## Provided records
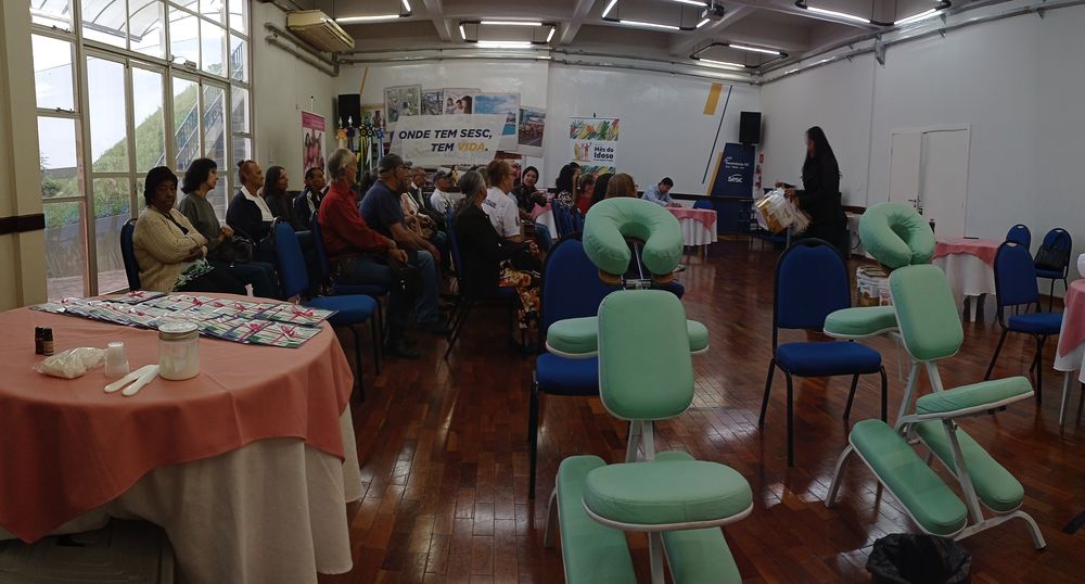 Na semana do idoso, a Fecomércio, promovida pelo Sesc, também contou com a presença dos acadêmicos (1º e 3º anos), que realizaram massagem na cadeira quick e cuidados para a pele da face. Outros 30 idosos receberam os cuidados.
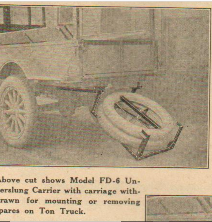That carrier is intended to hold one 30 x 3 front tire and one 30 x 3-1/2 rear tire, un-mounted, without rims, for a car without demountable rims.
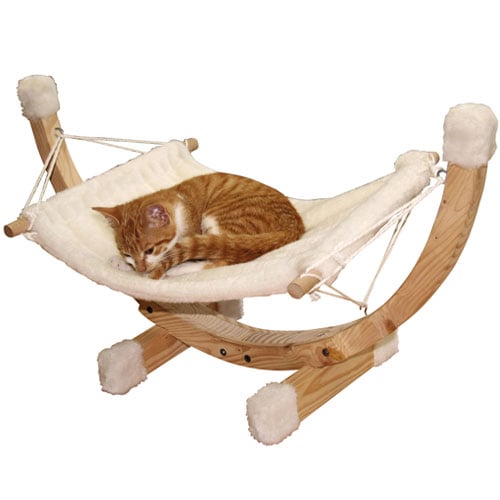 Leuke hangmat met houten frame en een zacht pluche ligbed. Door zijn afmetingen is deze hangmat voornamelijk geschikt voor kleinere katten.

---

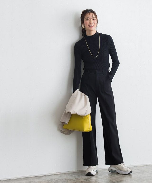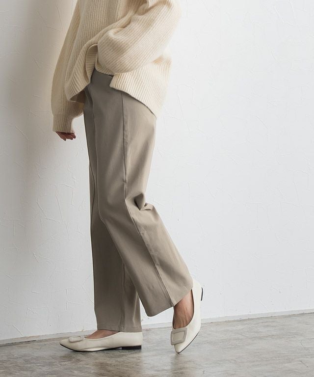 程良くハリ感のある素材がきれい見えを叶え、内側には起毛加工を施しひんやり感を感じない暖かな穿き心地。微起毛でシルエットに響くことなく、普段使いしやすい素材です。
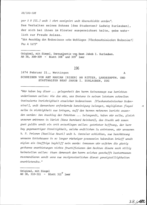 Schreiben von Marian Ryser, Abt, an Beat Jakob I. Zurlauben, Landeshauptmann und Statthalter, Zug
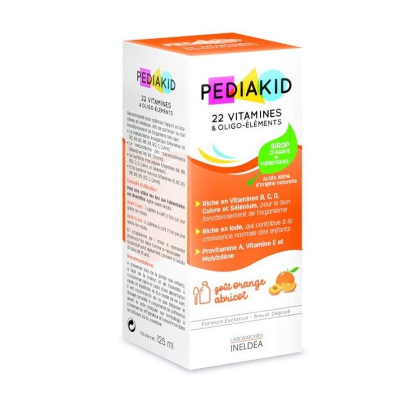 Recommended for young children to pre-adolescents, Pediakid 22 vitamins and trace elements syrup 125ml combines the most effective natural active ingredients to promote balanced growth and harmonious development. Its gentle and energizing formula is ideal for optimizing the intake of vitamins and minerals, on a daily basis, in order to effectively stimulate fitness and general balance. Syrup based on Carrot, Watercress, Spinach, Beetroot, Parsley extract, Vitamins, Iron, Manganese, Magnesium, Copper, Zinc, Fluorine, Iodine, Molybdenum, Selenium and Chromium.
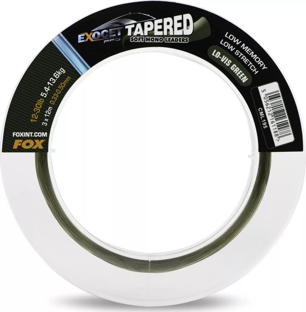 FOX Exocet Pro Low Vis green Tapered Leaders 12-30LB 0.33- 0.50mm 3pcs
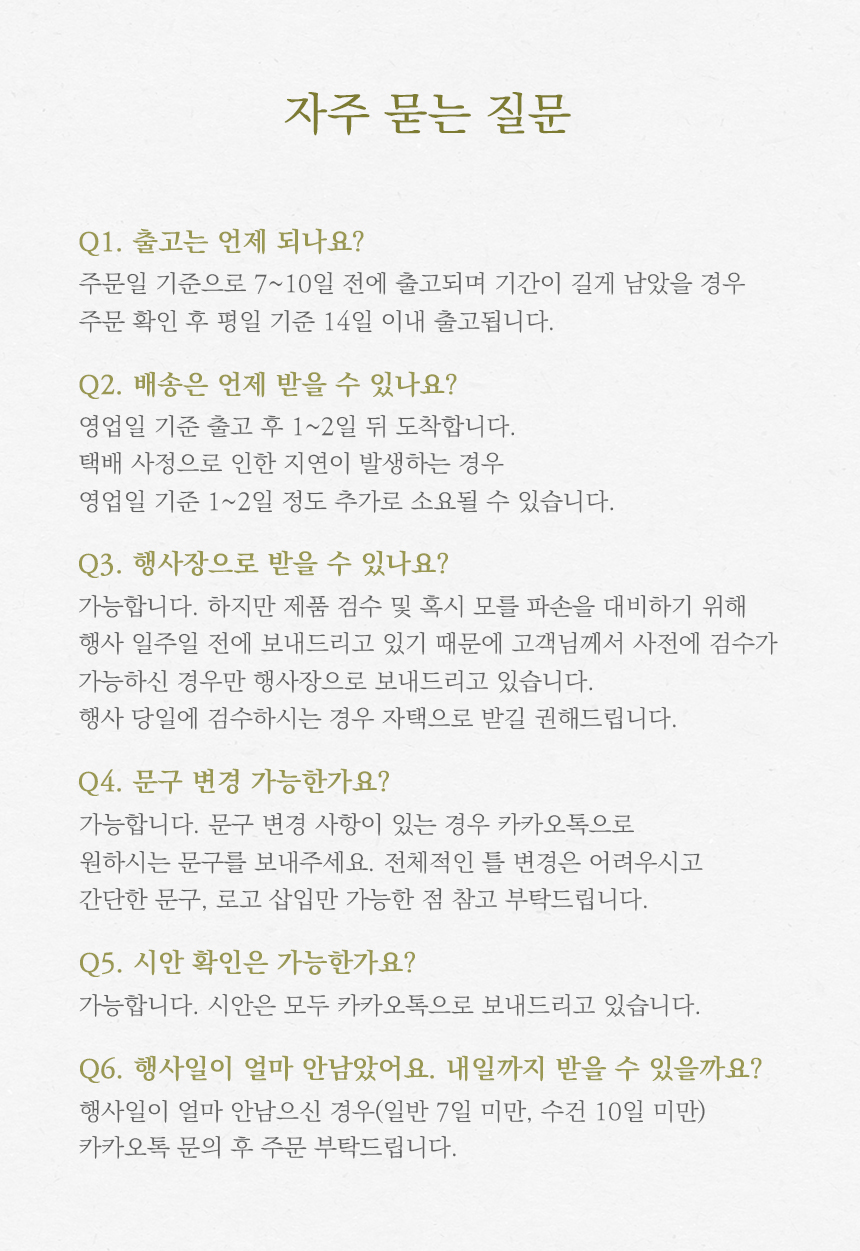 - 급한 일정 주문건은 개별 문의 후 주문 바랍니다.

## Aim of the task
Everything above from the line containing "程良くハリ感のある素材がきれ" through the line containing "- 급한 일정 주문건은 개별 문의 후 주문 바랍니다." must be repeated exactly, and the pictures must be left out.

## Solution to this problem
 程良くハリ感のある素材がきれい見えを叶え、内側には起毛加工を施しひんやり感を感じない暖かな穿き心地。微起毛でシルエットに響くことなく、普段使いしやすい素材です。
 Schreiben von Marian Ryser, Abt, an Beat Jakob I. Zurlauben, Landeshauptmann und Statthalter, Zug
 Recommended for young children to pre-adolescents, Pediakid 22 vitamins and trace elements syrup 125ml combines the most effective natural active ingredients to promote balanced growth and harmonious development. Its gentle and energizing formula is ideal for optimizing the intake of vitamins and minerals, on a daily basis, in order to effectively stimulate fitness and general balance. Syrup based on Carrot, Watercress, Spinach, Beetroot, Parsley extract, Vitamins, Iron, Manganese, Magnesium, Copper, Zinc, Fluorine, Iodine, Molybdenum, Selenium and Chromium.
 FOX Exocet Pro Low Vis green Tapered Leaders 12-30LB 0.33- 0.50mm 3pcs
 - 급한 일정 주문건은 개별 문의 후 주문 바랍니다.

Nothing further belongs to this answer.